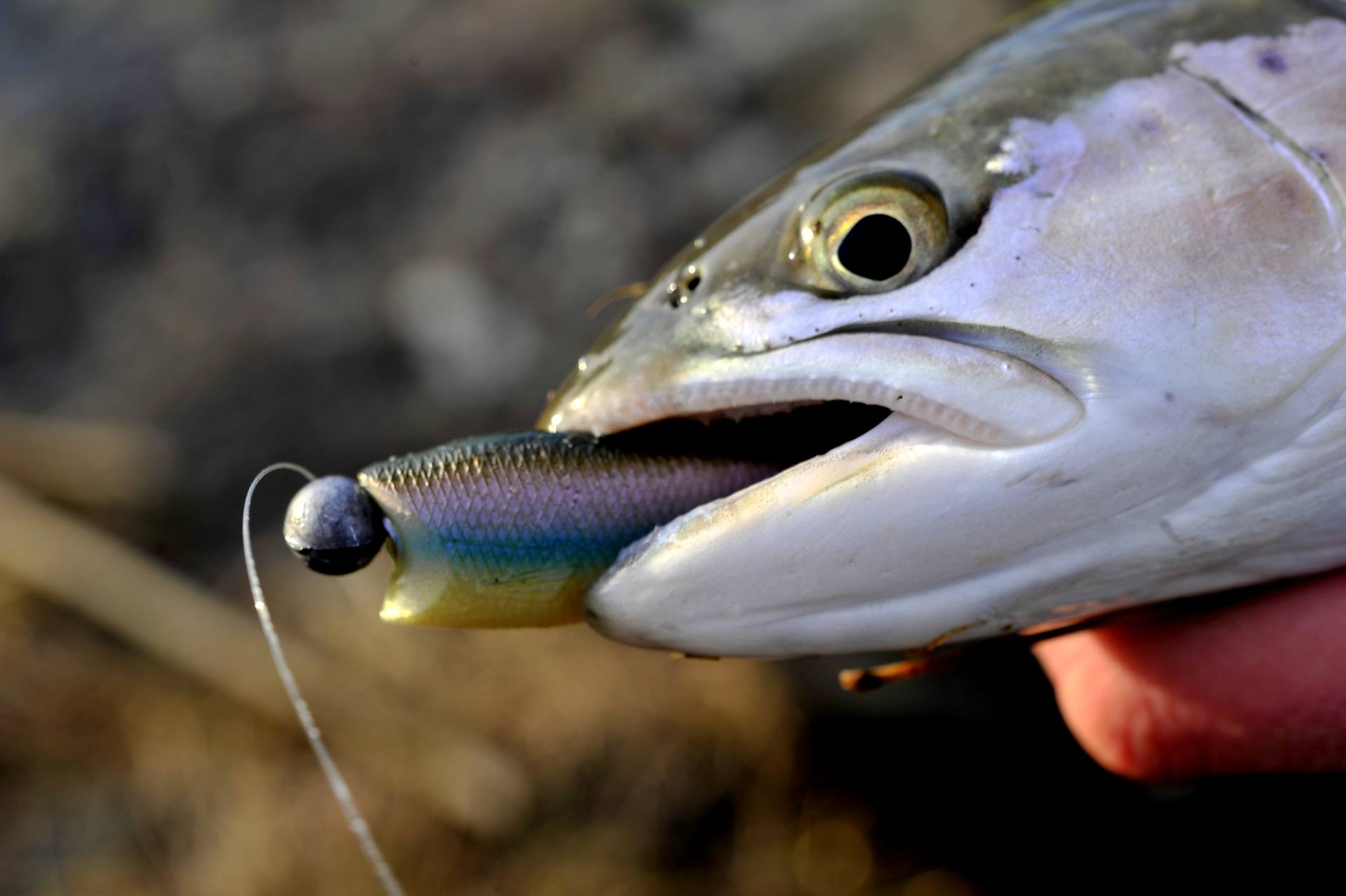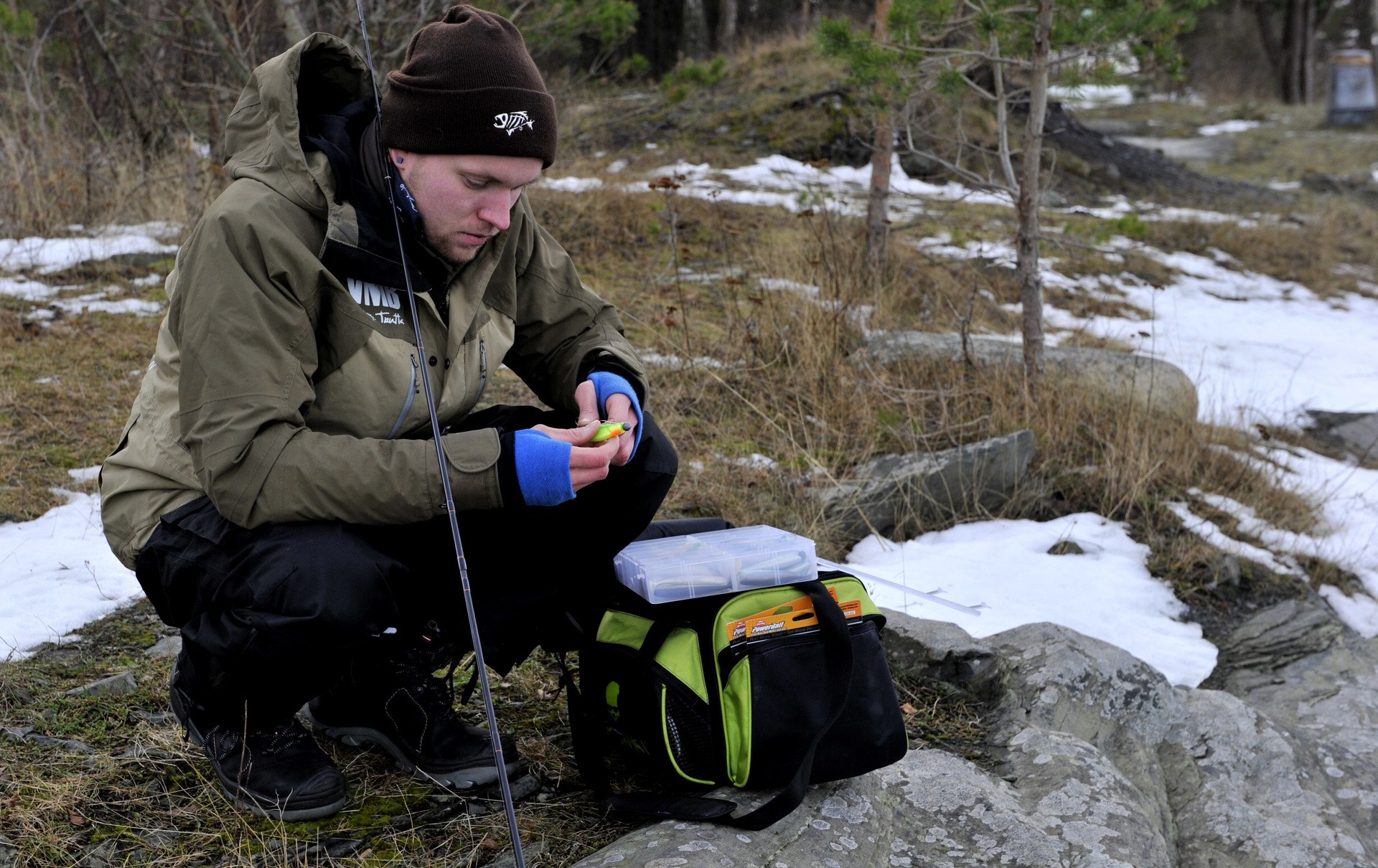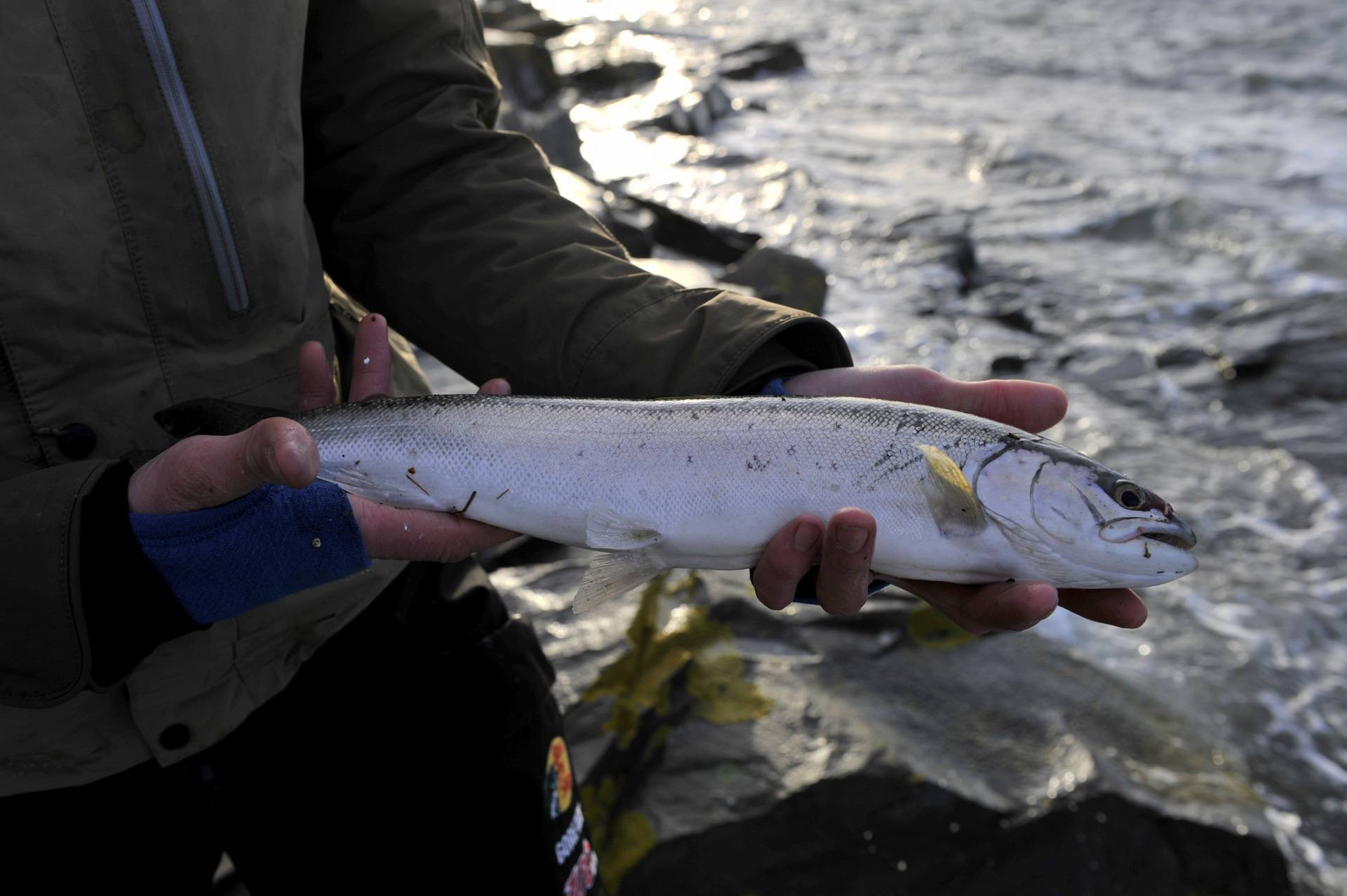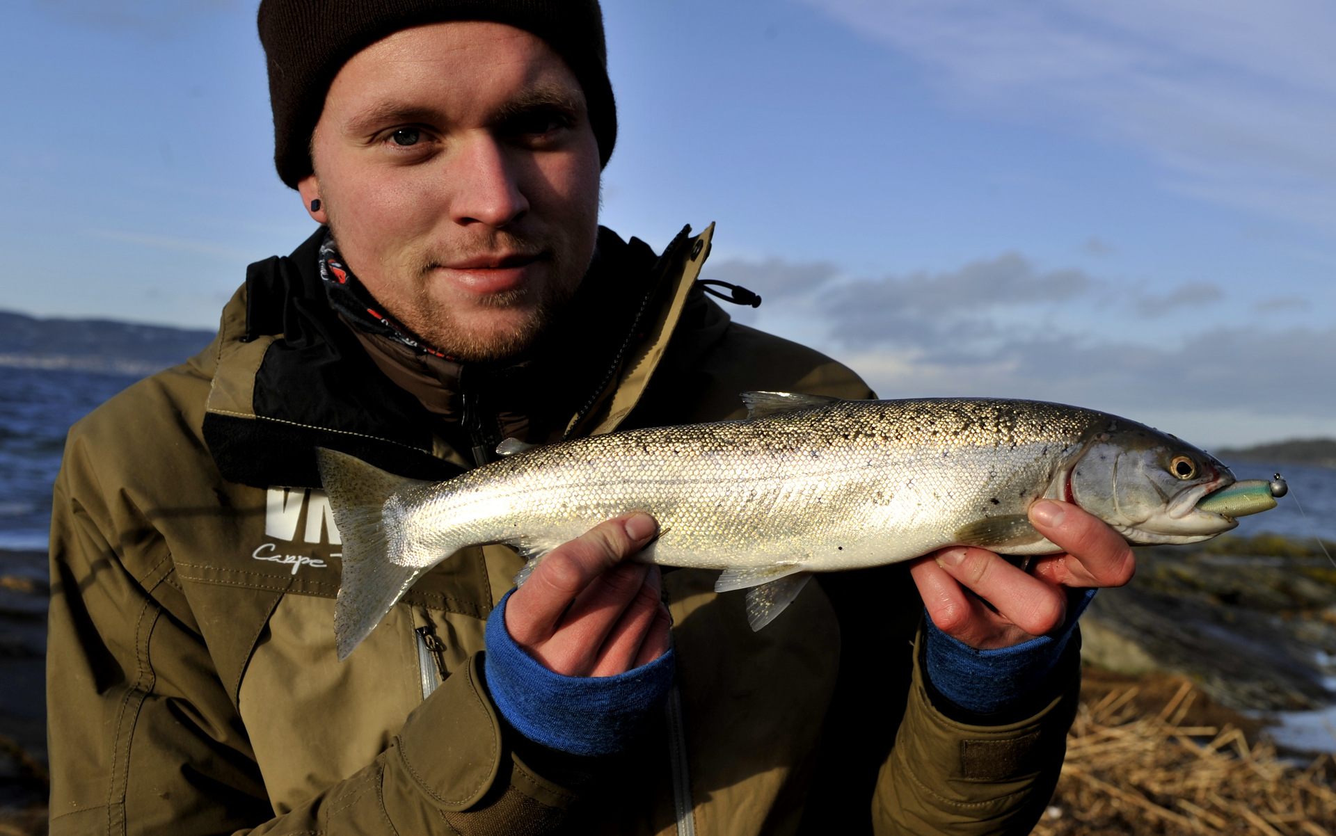 Til slutt så skulle saltvannsforbannelsen brytes for Evensen. Vi sto vel på en av de mest utsatte plassene for vind, men der skulle det vise seg å være en sjøørret som ville ta Nitroshadden til Evensen.  Den 9 cm lang shadden i  fargen Eperlan kom rullende inn mot land og sjøørreten valgt å ta den ca 1 meter før den hadde gått med nasan i berget, og den tok bakfra. Evensen kjørte bare med jiggkroken på denne og ørretene satt fint.  Det ble ikke all verdens av fight men det tror jeg var greit under de gjeldene forhold.
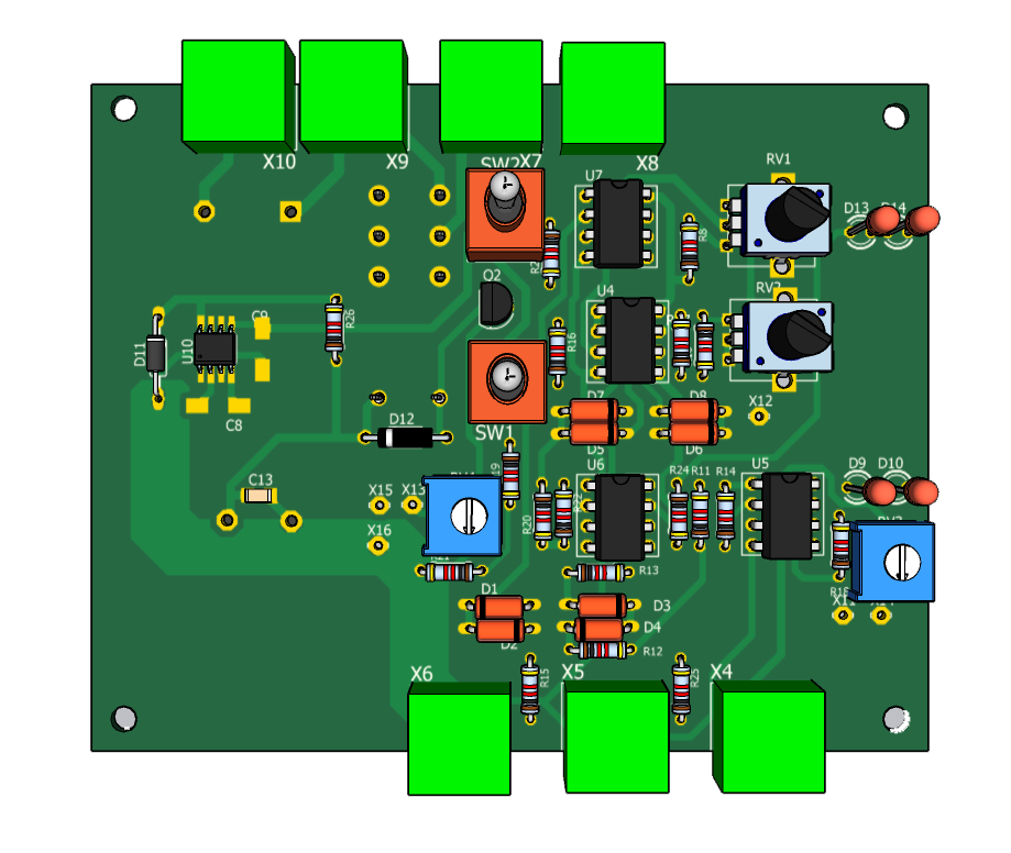 Выносная плата подключается к термостату с помощью экранированного кабеля с витой парой. Это по зволяет подавлять синфазные помехи. Длина кабеля до 8-ми метров. При температурах от -40 до 0 °C напряжение на выходе выносной платы -4В - 0В, при температупах 0 - 140 °C от 0 до 14В . Схема работает аналогично предыдущей, с той разнице, что для индикации отрицательных температур применяются диодный мпст на диодах Шоттки D1 - D4 , для индикации порогов вулючения и выелючения нагревателя - диодный мпст на диодах Шоттки D5 - D8. При отрицательных температурах включаются сетодиодц D9, D10 и D13,D14 Питание с помощью AC DC конвертера IRM-05-15 с выыходным напряжением 15В и током 300мА.
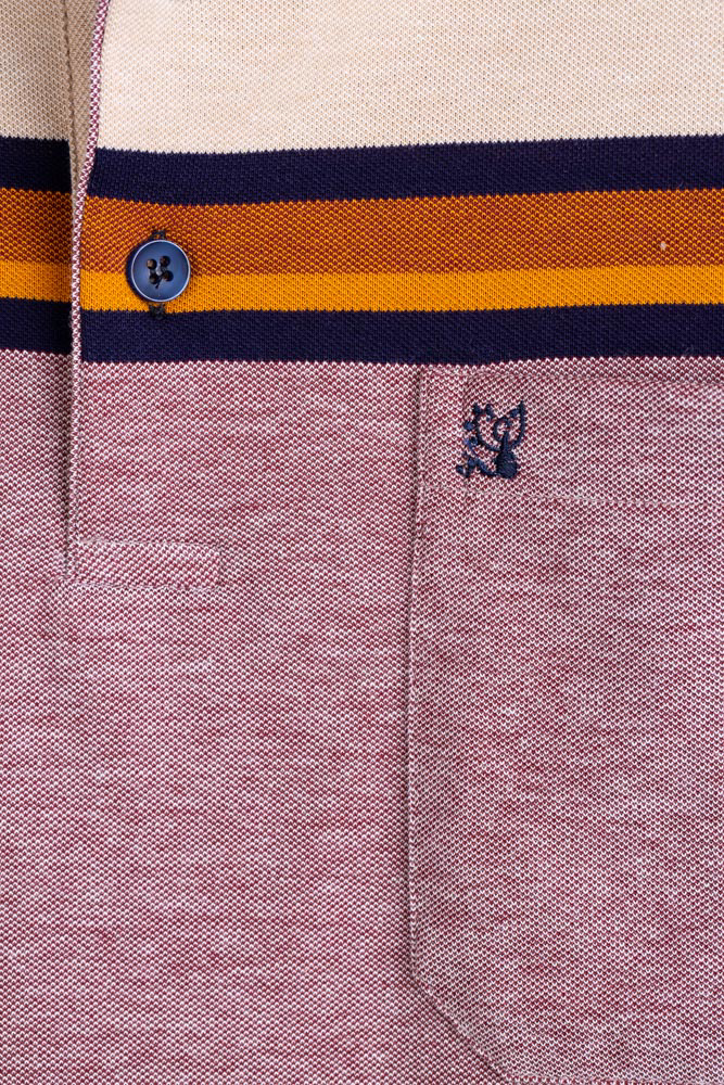 Tricoul este confecționat din 95% bumbac și 5% lycra. Modelul tip polo dispune de guler reiat, buzunar aplicat pe partea stângă și fentă cu 3 nasturi.

——

● **What is being asked**: The result should be a word-for-word restatement of all the data, without images.

● **Answer box**:
 Til slutt så skulle saltvannsforbannelsen brytes for Evensen. Vi sto vel på en av de mest utsatte plassene for vind, men der skulle det vise seg å være en sjøørret som ville ta Nitroshadden til Evensen.  Den 9 cm lang shadden i  fargen Eperlan kom rullende inn mot land og sjøørreten valgt å ta den ca 1 meter før den hadde gått med nasan i berget, og den tok bakfra. Evensen kjørte bare med jiggkroken på denne og ørretene satt fint.  Det ble ikke all verdens av fight men det tror jeg var greit under de gjeldene forhold.
 Выносная плата подключается к термостату с помощью экранированного кабеля с витой парой. Это по зволяет подавлять синфазные помехи. Длина кабеля до 8-ми метров. При температурах от -40 до 0 °C напряжение на выходе выносной платы -4В - 0В, при температупах 0 - 140 °C от 0 до 14В . Схема работает аналогично предыдущей, с той разнице, что для индикации отрицательных температур применяются диодный мпст на диодах Шоттки D1 - D4 , для индикации порогов вулючения и выелючения нагревателя - диодный мпст на диодах Шоттки D5 - D8. При отрицательных температурах включаются сетодиодц D9, D10 и D13,D14 Питание с помощью AC DC конвертера IRM-05-15 с выыходным напряжением 15В и током 300мА.
 Tricoul este confecționat din 95% bumbac și 5% lycra. Modelul tip polo dispune de guler reiat, buzunar aplicat pe partea stângă și fentă cu 3 nasturi.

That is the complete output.